In hessischen Klassenzimmern könnte bald Rapper Haftbefehl neben Goethe stehen. Eine Petition von Frankfurter Schülern fordert die Aufnahme seiner Texte in den Lehrplan – und stößt auf erstaunlich offene Ohren beim Kultusministerium.
Die Jugendlichen argumentieren überzeugend: Haftbefehls Verse spiegeln migrantische Lebenswelten wider, die viele Schüler besser verstehen als klassische Literatur. Seine Sprachmischung aus Deutsch, Türkisch und Arabisch – bekannt als «Babo-Slang» – ist längst Teil ihrer Alltagssprache. Das Kultusministerium zeigt sich gesprächsbereit und prüft den Vorschlag ernsthaft.
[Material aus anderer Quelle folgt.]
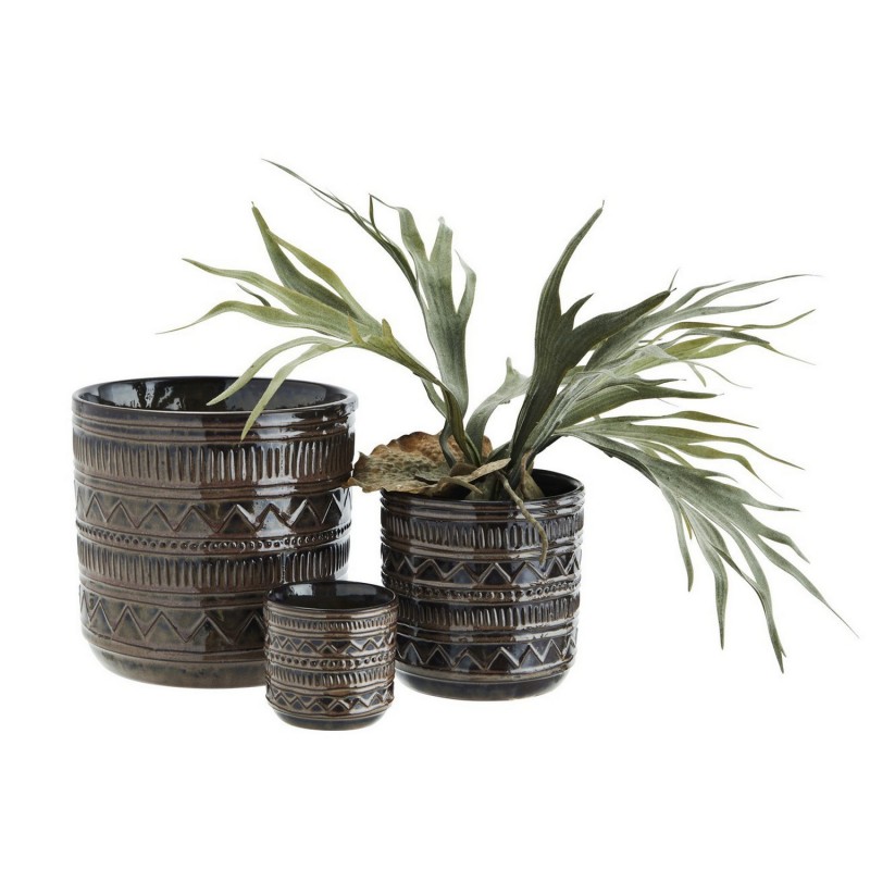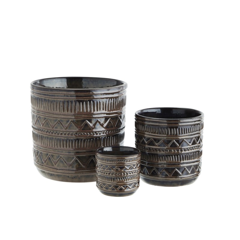pot de fleur gres emaille brun motif decoratif texture madam stoltz
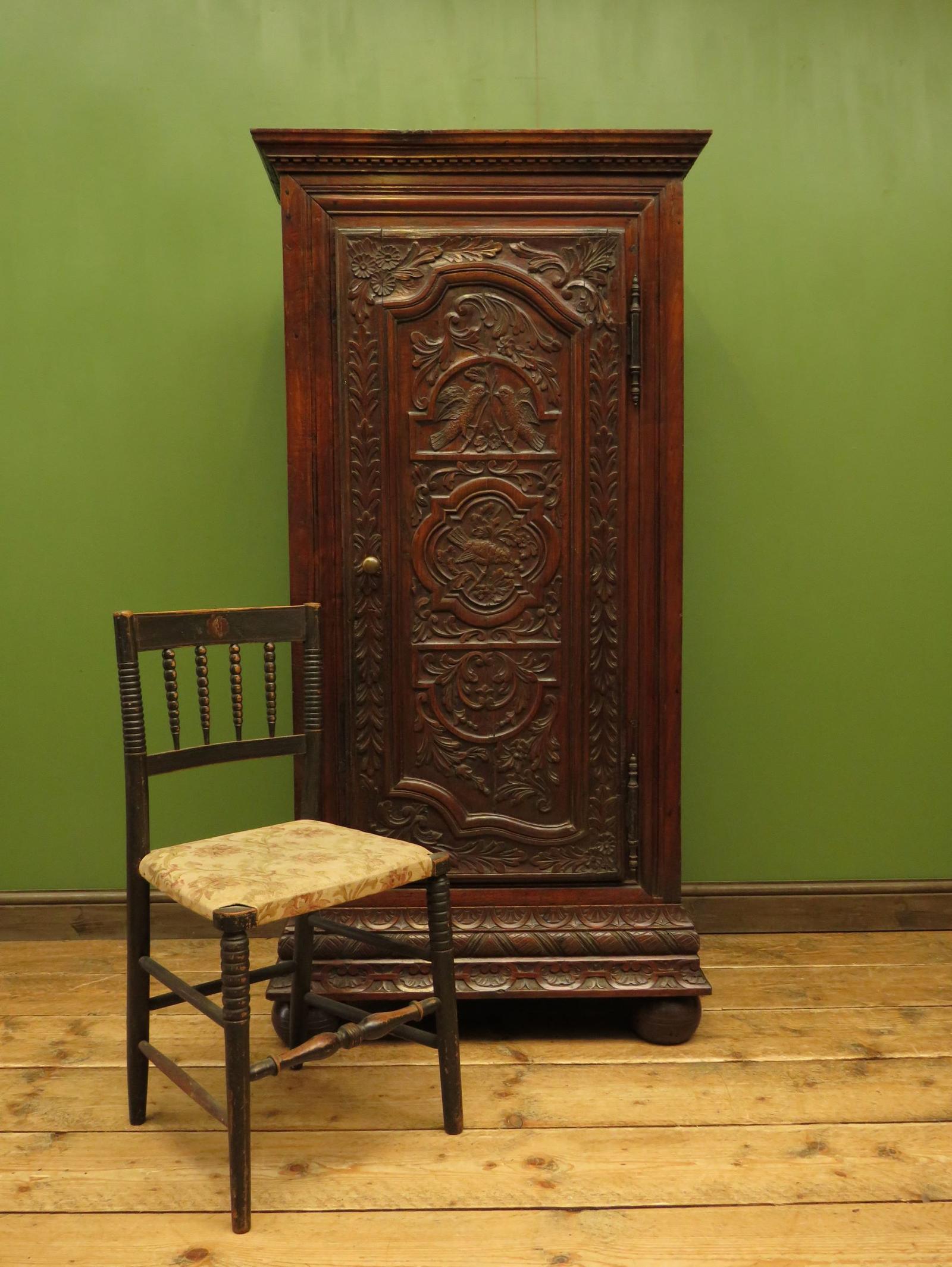 Antique Ornately Carved French Oak Cupboard with Birds & Foliage

«Rapper wie Haftbefehl thematisieren soziale Ungleichheit und kulturelle Identität auf eine Weise, die Jugendliche direkt erreicht», erklärt Musikpädagoge Dr. Michael Rappe. Ich erinnere mich an einen Workshop, bei dem Schüler Haftbefehls «Chabos wissen wer der Babo ist» analysierten – mit mehr Begeisterung als bei jedem Gedicht zuvor.
Die Initiative aus Frankfurt steht nicht allein. Auch in NRW und Berlin werden populärkulturelle Inhalte zunehmend in Lehrpläne integriert. Rap als Kulturgut und Sprachkunst zu würdigen, könnte Brücken bauen – zwischen Generationen, Kulturen und dem, was wir als «Bildung» verstehen. Die Grenze zwischen Straße und Klassenzimmer war wohl noch nie so durchlässig.